**EXERCISE DETAILS**
Beginning at the line with "Hell glasuren over", please repeat each line exactly through the end of the records below, including that first line and the last, but no pictures.

───── SOURCE DATA

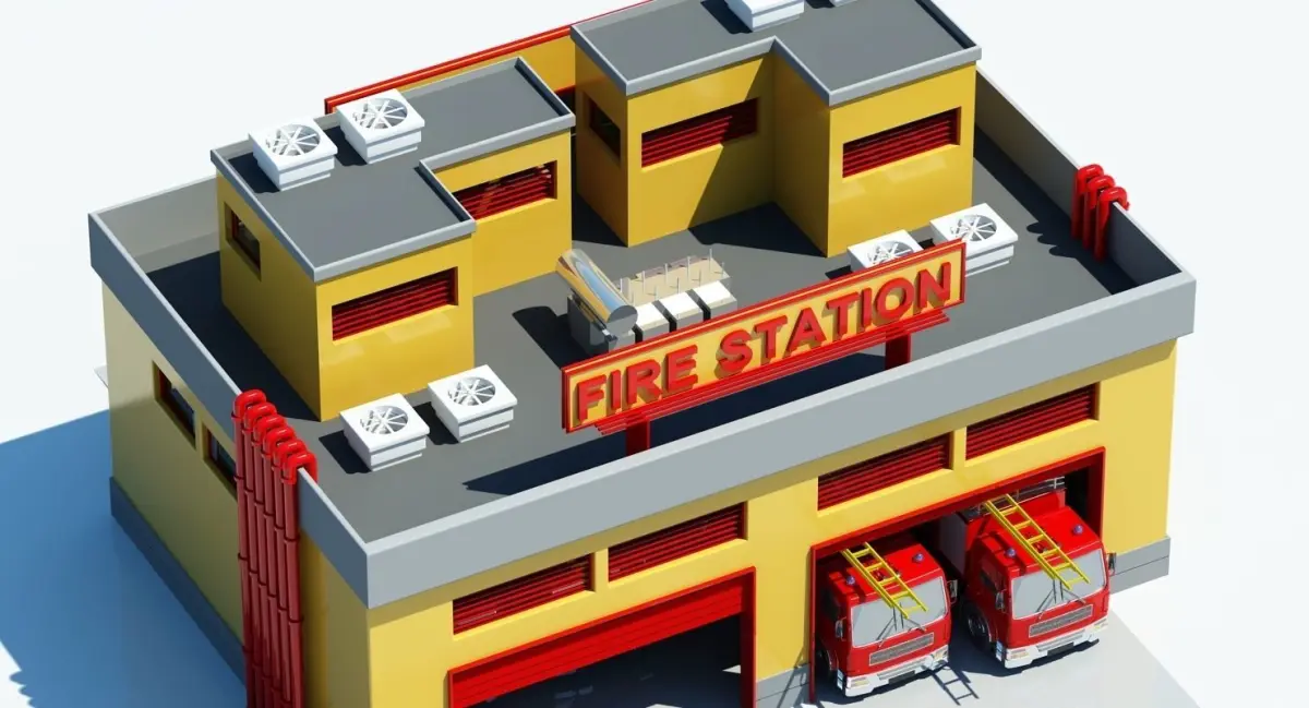 Detailed 3D Model of a Fire Station building symbol.Fire trucks are included as shown in previews.
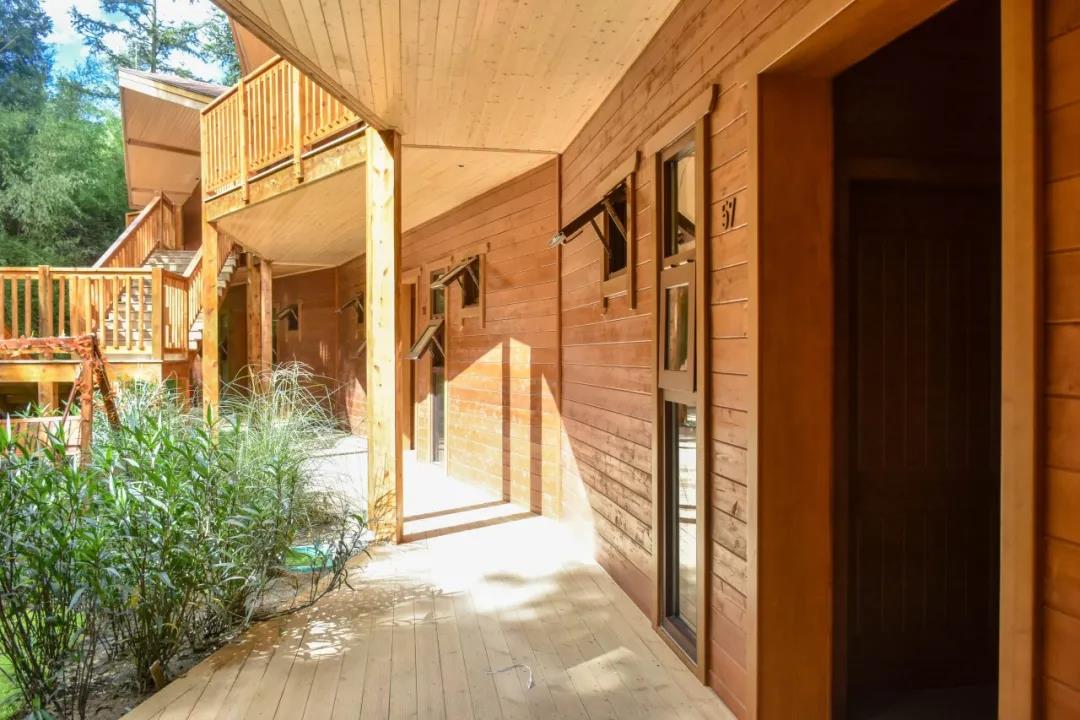 客房分為“巴山”及“秋水”兩個(gè)區(qū)域,由19棟全木結(jié)構(gòu)建筑組成,擁有56間45平米-138平米的豪華客房與獨(dú)立套房。每間客房均設(shè)有寬敞露臺(tái),目之所及滿(mǎn)山翠綠,碧波蕩漾。
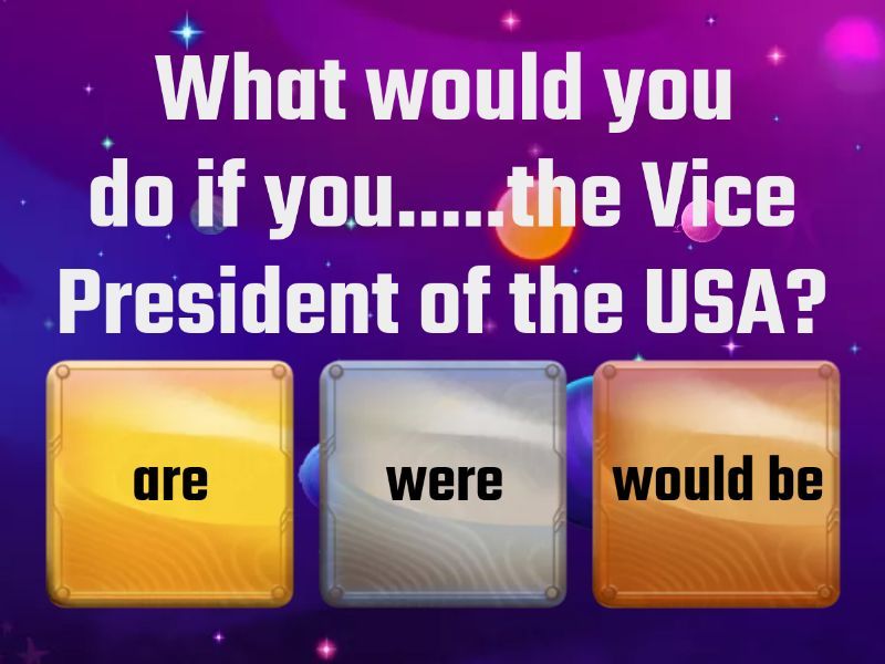 1) What would you do if you.....the Vice President of the USA? a) are b) were c) would be 2) If you.....a competition, would you buy an expensive car? a) win b) would win c) won 3) If I ...... work, I'll visit you at the weekned. a) didn't have to b) don't have to c) wouldn't have to 4) If you ....... too much sugary drinks, you can have stomachache. a) will drink b) would drink c) drink 5) If the weather ..... nice next weekend, we'll go kiting. a) is b) was c) would be 6) If your boss .....you to work all weekend, what would you answer? a) asks b) asked c) would ask 7) If I went to Paris, I .....the Eiffel Tower. a) would visit b) visited c) visit 8) If you ...... a lot of junk food, you get fat. a) ate b) will eat c) eat 9) What ..... next summer, if you .... your final exam? a) will you do ... don't pass b) will you do.... wouldn't pass c) would you do.... didn't pass d) are you doing ...... don't pass 10) If you don't water your plants, they ....... a) died b) dies c) will die
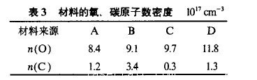 從表中可看出,D材料與前3種材料的碳,氧含量無(wú)大的差別。因而,導(dǎo)致前述差異的原因可以排除氧,碳雜質(zhì)含量的不同。可能的原因是A,B,C3種材料中金屬雜質(zhì)含量較多,高溫過(guò)程促進(jìn)了金屬雜質(zhì)與氧、碳沉淀的結(jié)合,使原本"潔凈"的沉淀成為有效的復(fù)合中 心,從而使高溫吸雜達(dá)不到其應(yīng)有的目的.另外,這一差異也可能是材料中不同生長(zhǎng)缺陷在高溫過(guò)程中發(fā)生不同演化造成的.
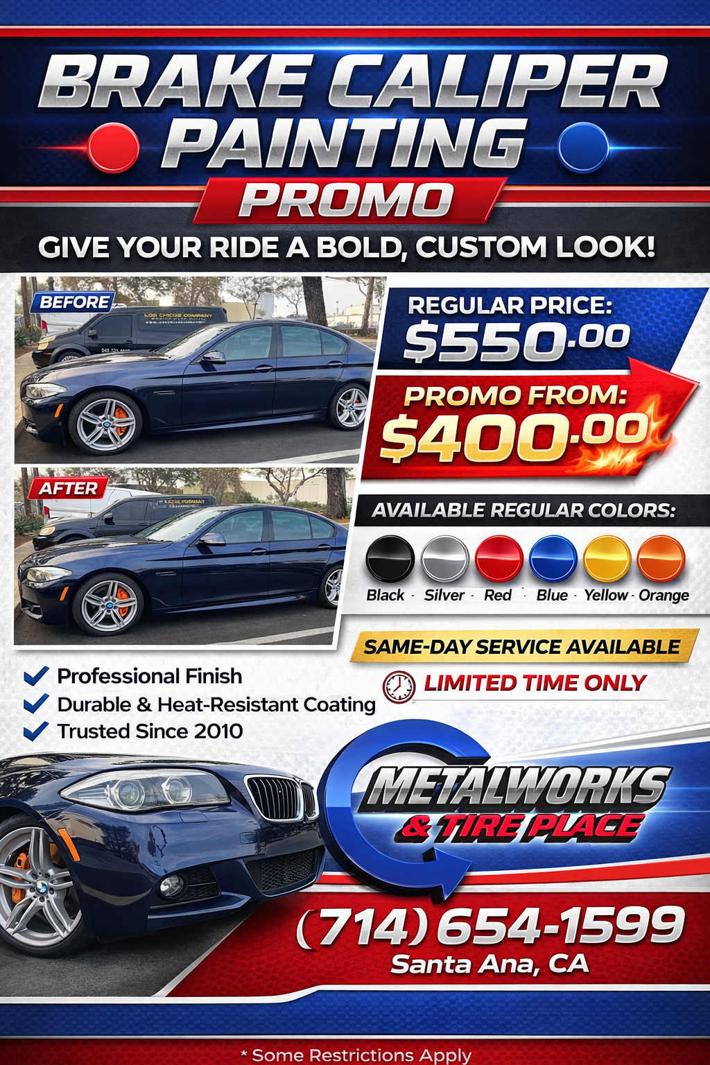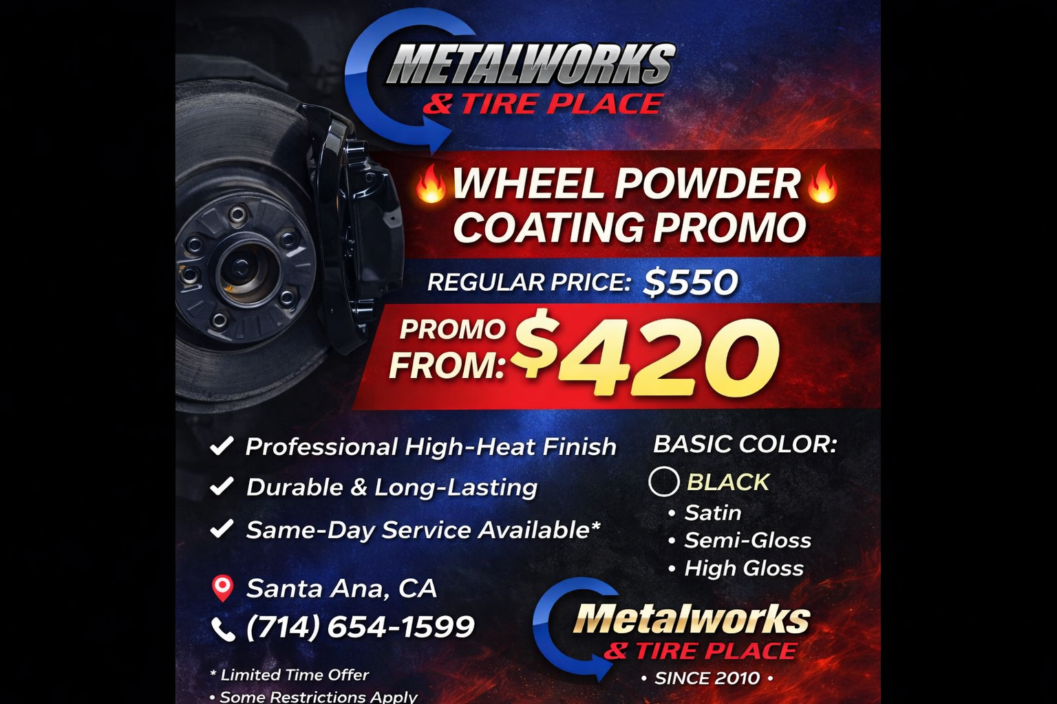 Looking for expert tire and wheel services in Santa Ana, CA? Metalworks & Tire Place has been a trusted destination since 2010, offering a wide range of high-quality tire and wheel solutions with over 20 years of experience. Whether you need new tires, wheel repairs, or custom enhancements, we’re committed to delivering reliable, efficient services that keep your vehicle running smoothly and looking great.
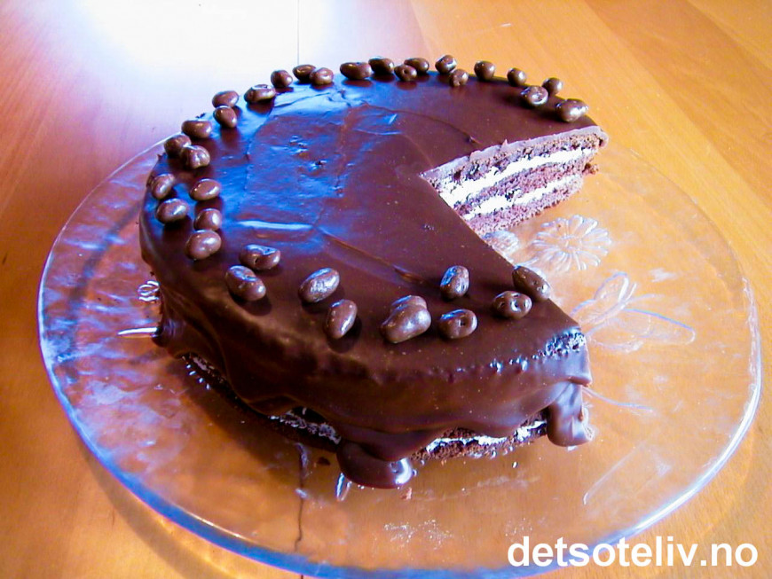 Hell glasuren over kaken og la den renne litt nedover sidene på kaken. Bruk en smørekniv og stryk glasuren glatt på toppen av kaken. Pynt kaken med sjokoladerosiner eller etter ønske. Sett kaken i kjøleskapet til glasuren har stivnet.
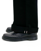 背面に配されたダブルバックポケットは、ギミック性と実用性を兼ね備え、携帯や小物を安定して収納できる設計となっている。
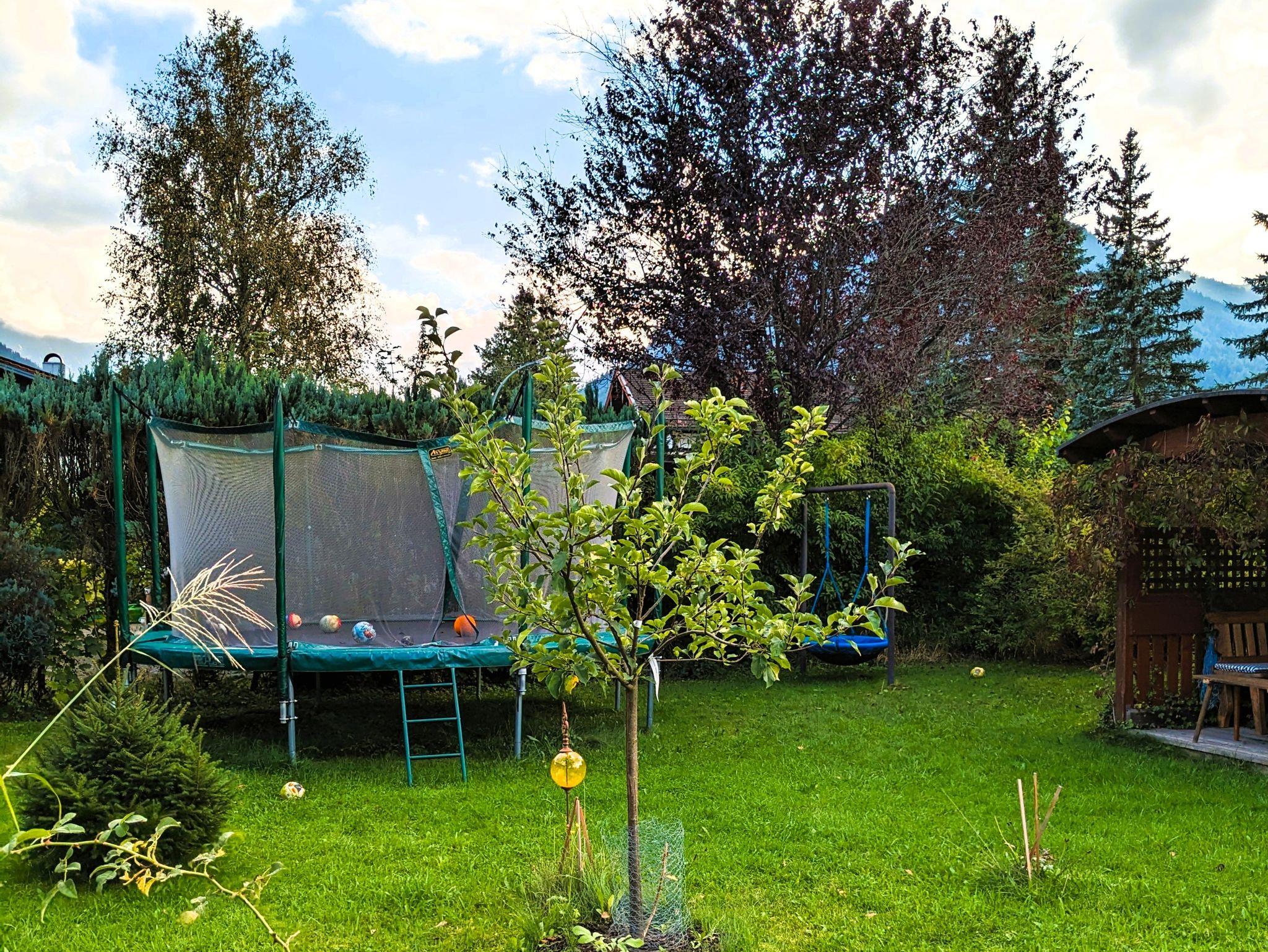 Der Garten mit Laube, Grill, Trampolin, Schaukel und Spielgeräten läd zum Verweilen ein.
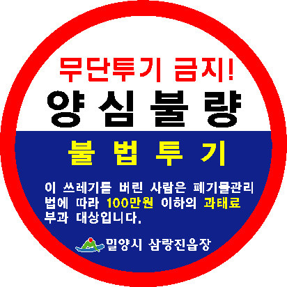 김외호 삼랑진읍장은 “지속적으로 단속 및 홍보해 아름다운 삼랑진 만들기에 최선을 다하겠다“며 “‘나부터’라는 생각으로 올바르게 쓰레기를 배출하는 습관을 들일 수 있도록 지속적으로 홍보 하겠다“라고 전했다.
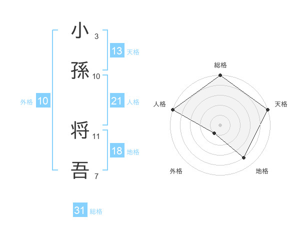 小孫 将吾さんを姓名の画数から五運を鑑定
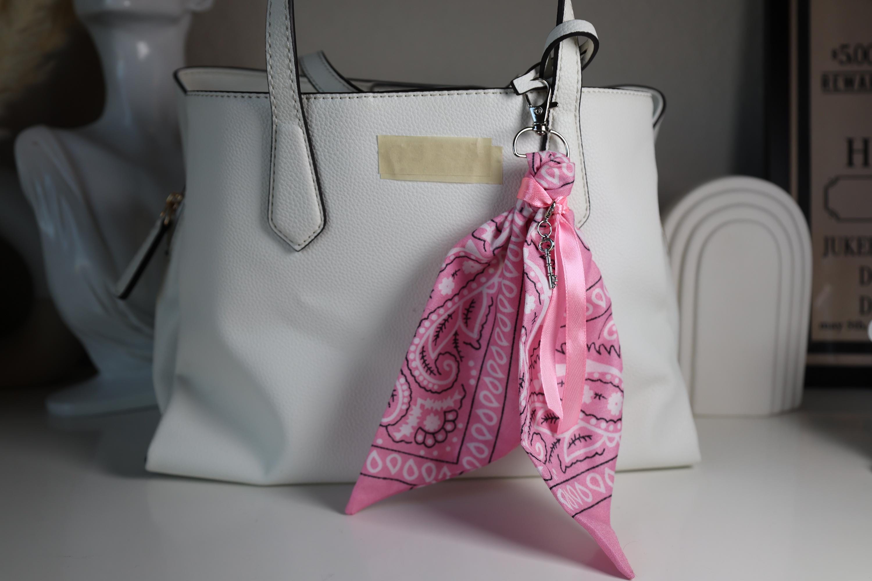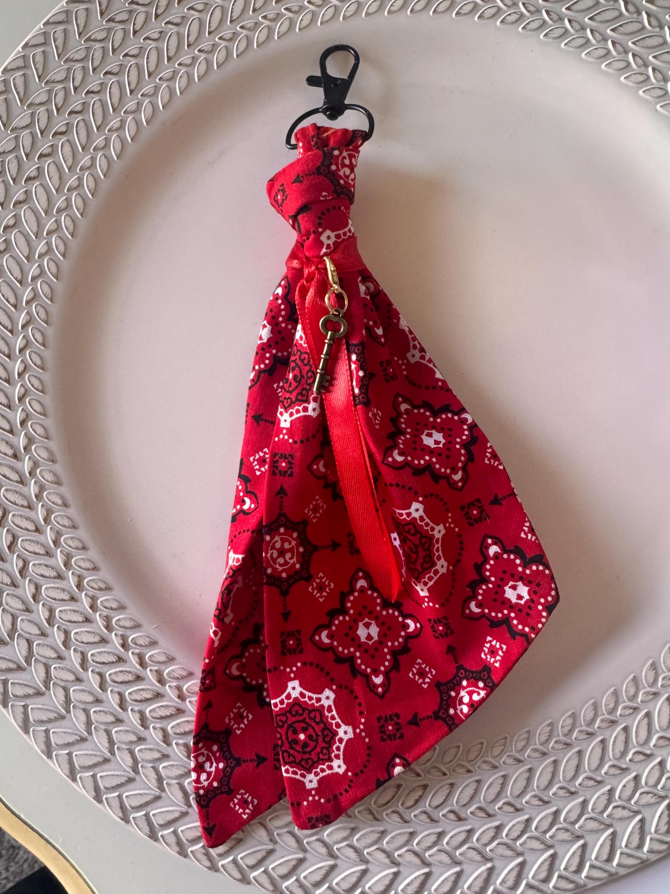 Multi-Use Hardware: Equipped with a secure lobster swivel clasp to move easily between your tote, backpack, or belt loop. The Look: Hand-knotted bandana fabric paired with a tonal ribbon and a silver-tone skeleton key pendant. Outfit Accent: Clips onto denim or trousers for a quick "Cowboy Core" or utility-chic update. Keychain Utility: Adds a soft, tactile grip to your keys, making them easy to grab from inside a deep bag.
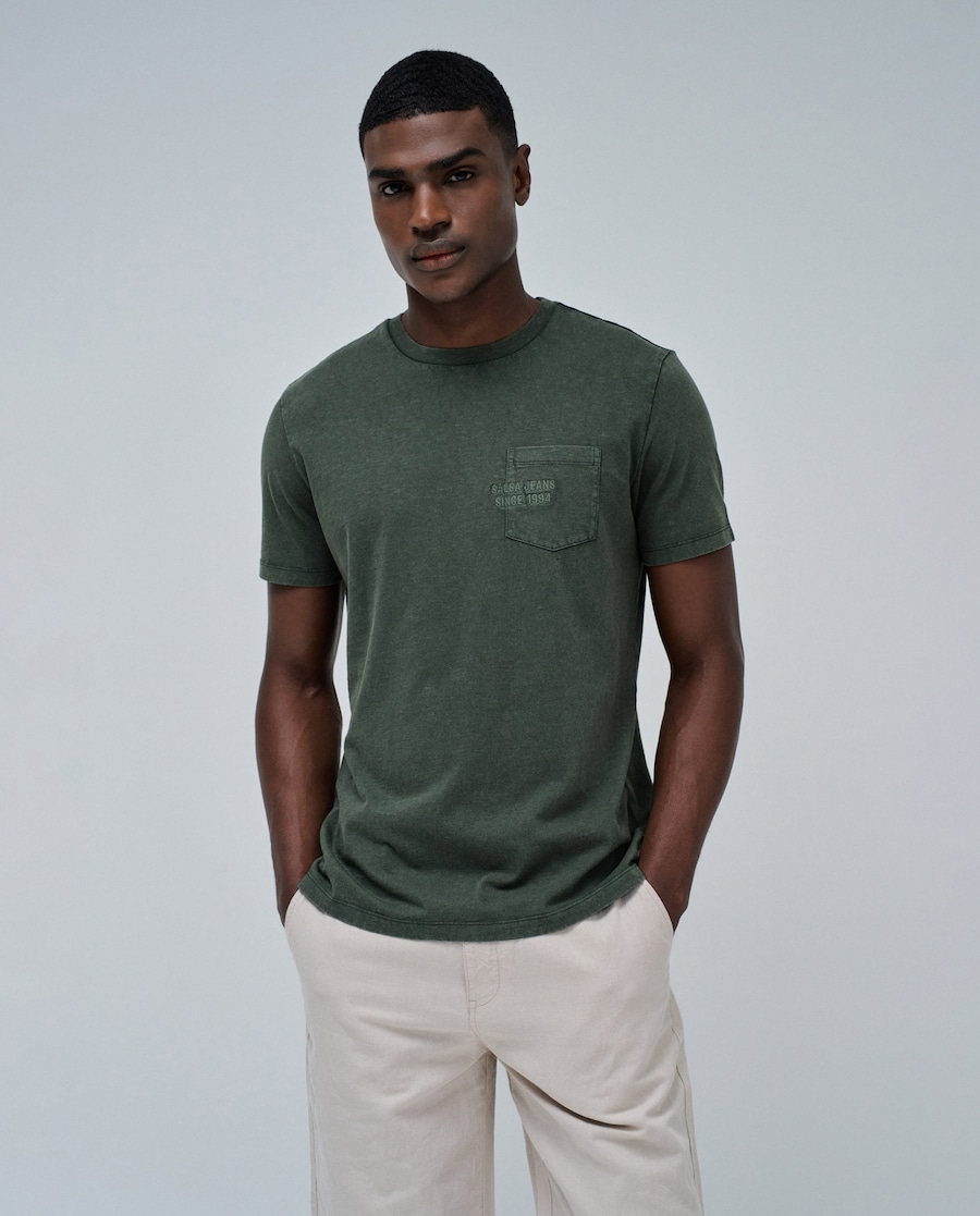 Essencial no teu armário, esta T-shirt combina conforto e estilo num ajuste slim que realça a silhueta. Com manga curta, gola redonda e um bolso no peito com branding discreto, é a peça perfeita para um look casual com um toque de personalidade.- T-shirt com branding- Ajuste slim- Manga curta- Gola redonda- Bolso no peito com brandingPara referência, o modelo mede 1,90m e está usando o tamanho L.

──────────

**TASK ANSWER**
 Hell glasuren over kaken og la den renne litt nedover sidene på kaken. Bruk en smørekniv og stryk glasuren glatt på toppen av kaken. Pynt kaken med sjokoladerosiner eller etter ønske. Sett kaken i kjøleskapet til glasuren har stivnet.
 背面に配されたダブルバックポケットは、ギミック性と実用性を兼ね備え、携帯や小物を安定して収納できる設計となっている。
 Der Garten mit Laube, Grill, Trampolin, Schaukel und Spielgeräten läd zum Verweilen ein.
 김외호 삼랑진읍장은 “지속적으로 단속 및 홍보해 아름다운 삼랑진 만들기에 최선을 다하겠다“며 “‘나부터’라는 생각으로 올바르게 쓰레기를 배출하는 습관을 들일 수 있도록 지속적으로 홍보 하겠다“라고 전했다.
 小孫 将吾さんを姓名の画数から五運を鑑定
 Multi-Use Hardware: Equipped with a secure lobster swivel clasp to move easily between your tote, backpack, or belt loop. The Look: Hand-knotted bandana fabric paired with a tonal ribbon and a silver-tone skeleton key pendant. Outfit Accent: Clips onto denim or trousers for a quick "Cowboy Core" or utility-chic update. Keychain Utility: Adds a soft, tactile grip to your keys, making them easy to grab from inside a deep bag.
 Essencial no teu armário, esta T-shirt combina conforto e estilo num ajuste slim que realça a silhueta. Com manga curta, gola redonda e um bolso no peito com branding discreto, é a peça perfeita para um look casual com um toque de personalidade.- T-shirt com branding- Ajuste slim- Manga curta- Gola redonda- Bolso no peito com brandingPara referência, o modelo mede 1,90m e está usando o tamanho L.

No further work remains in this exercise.